Кто-то вносит в гостиную бутыли с ирдионским пламенем, которое ещё дремлет в ожидании пищи...
Зуар смахивает с каминной полки часы и мамины фарфоровые статуэтки журавлей, они разлетаются по ковру — хрупкие белые фигуры, и тяжелый сапог храмовника наступает на них, ломая журавлям тонкие шеи и крылья.
Мать плачет, а Алфред привязывает её к стулу с высокой спинкой.
— Пожалуйста! Пожалуйста, не трогайте детей!
— Заткнись!
Рикард вырывается и кричит.
— Нет! Не трогайте её! Отпустите её!
Но тяжелая рука в перчатке снова бьет его, на этот раз сильно, и он, падая, ударяется головой о мраморный пол и проваливается в небытие...
А когда он очнулся, огонь уже стал живым...
Он вырвался на волю и помчался оранжевой змеёй вверх по лестнице, взметнулся по стене, разукрасив черными потеками копоти перламутр ассийской штукатурки, обвил балясины, слизал кисейную занавеску и скользнул к потолку по тяжёлому шёлку портьер.
— Рикард! Проснись!
Расползался в стороны, пожирая мягкий ворс зеленого ковра и резные ножки изящного столика.
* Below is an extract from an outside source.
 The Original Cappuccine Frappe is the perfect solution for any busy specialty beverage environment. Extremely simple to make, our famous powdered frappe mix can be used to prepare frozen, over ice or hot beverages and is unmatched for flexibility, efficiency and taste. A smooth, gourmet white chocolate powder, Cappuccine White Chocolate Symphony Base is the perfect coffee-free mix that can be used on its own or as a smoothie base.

А бумаги, сорванные со стола горячим ветром, сгорали еще в воздухе, не долетая до объятого пламенем пола.
— Рикард! Проснись!
И поначалу это было даже красиво, на какое-то мгновенье огонь был чист и прозрачен, и растекался по полу жидким золотом всех оттенков...
— Рикард! Да проснись же ты!
Он резко сел, вырываясь из удушающего плена кошмарного сна, слыша собственный хрип и хватаясь руками за лицо.
Темнота...
Едва тлеет огарок свечи на стуле. Тишина. И Кэтриона трясет его за плечи. Она совсем рядом, стоит на коленях на кровати.
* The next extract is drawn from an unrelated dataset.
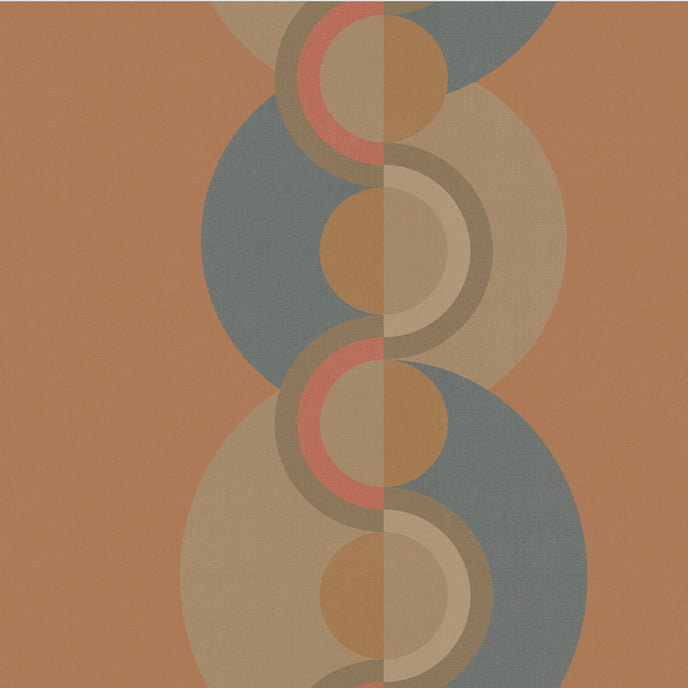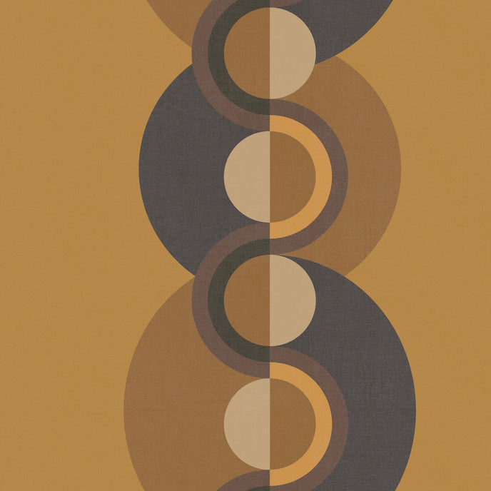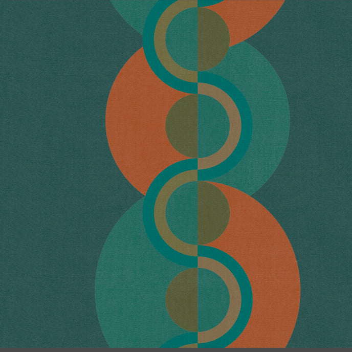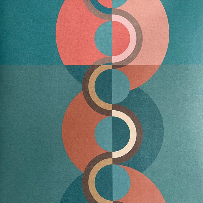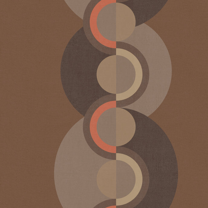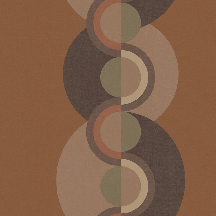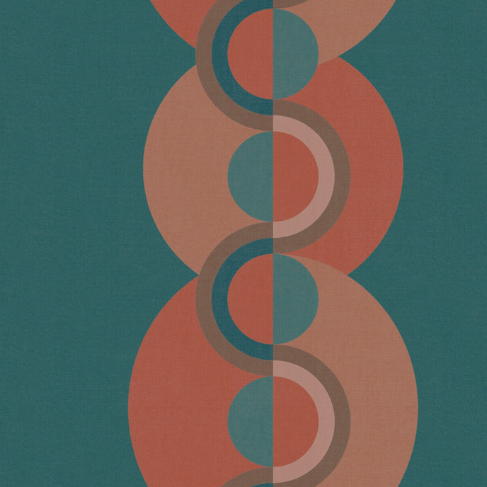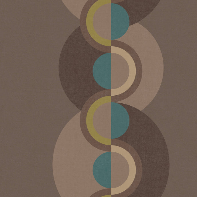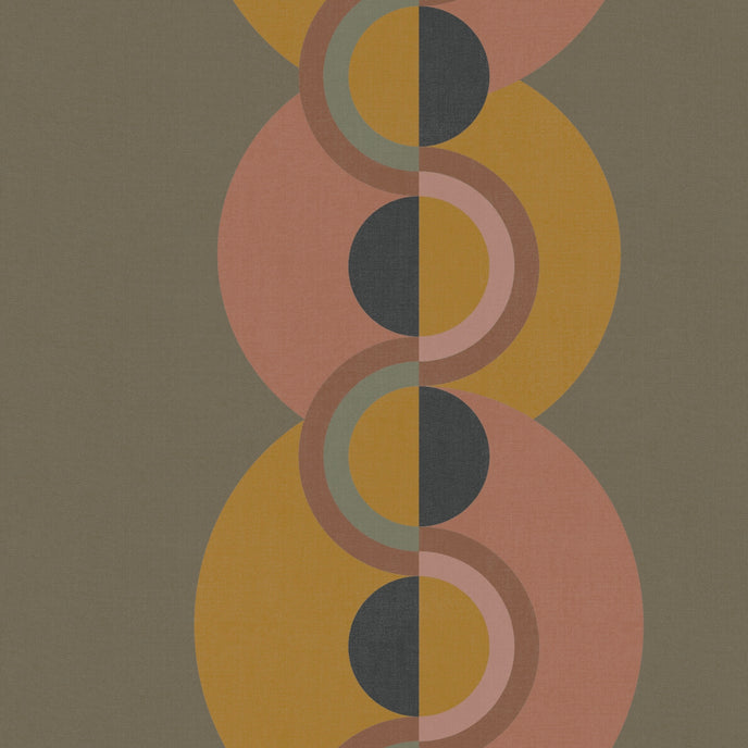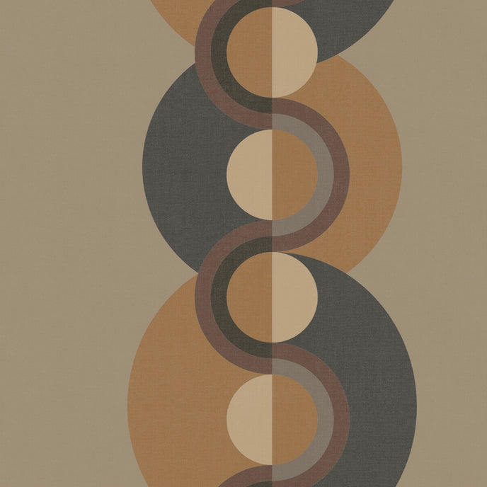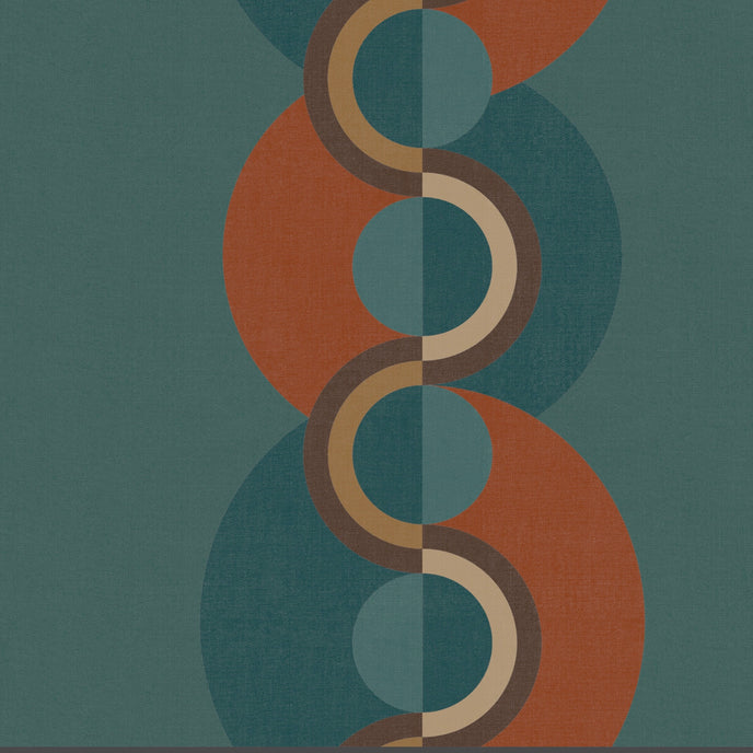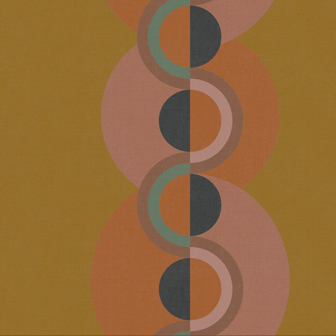 Retro Circle wallpaper an interlocking, entwined designed with a mid century essence. One stripe in each width, makes a statement wallpaper.

А проклятый дым всё ещё в лёгких, жар опаляет лицо и ноздри внутри. Рикард дышит тяжело, хрипло, и стирая со лба капли пота ладонью, понимает — сон. Это всего лишь сон. Проклятый кошмар из прошлого! Но его всё ещё душит кашель, и он сгибается пополам, обняв себя руками, пытается унять сердцебиение и выдохнуть из лёгких всё, что только можно.
— Рикард? Рикард... Рикард...
...шепчет Кэтриона, её руки всё ещё держат его и, кажется, гладят по спине, и он внезапно в каком-то странном порыве наклоняется к ней и прислоняется лбом к её плечу...
...и дым уходит.
На краткий, совсем краткий миг она прижимает его к себе, почти впиваясь пальцами в его спину, и Рикард слышит, как её сердце колотится набатом.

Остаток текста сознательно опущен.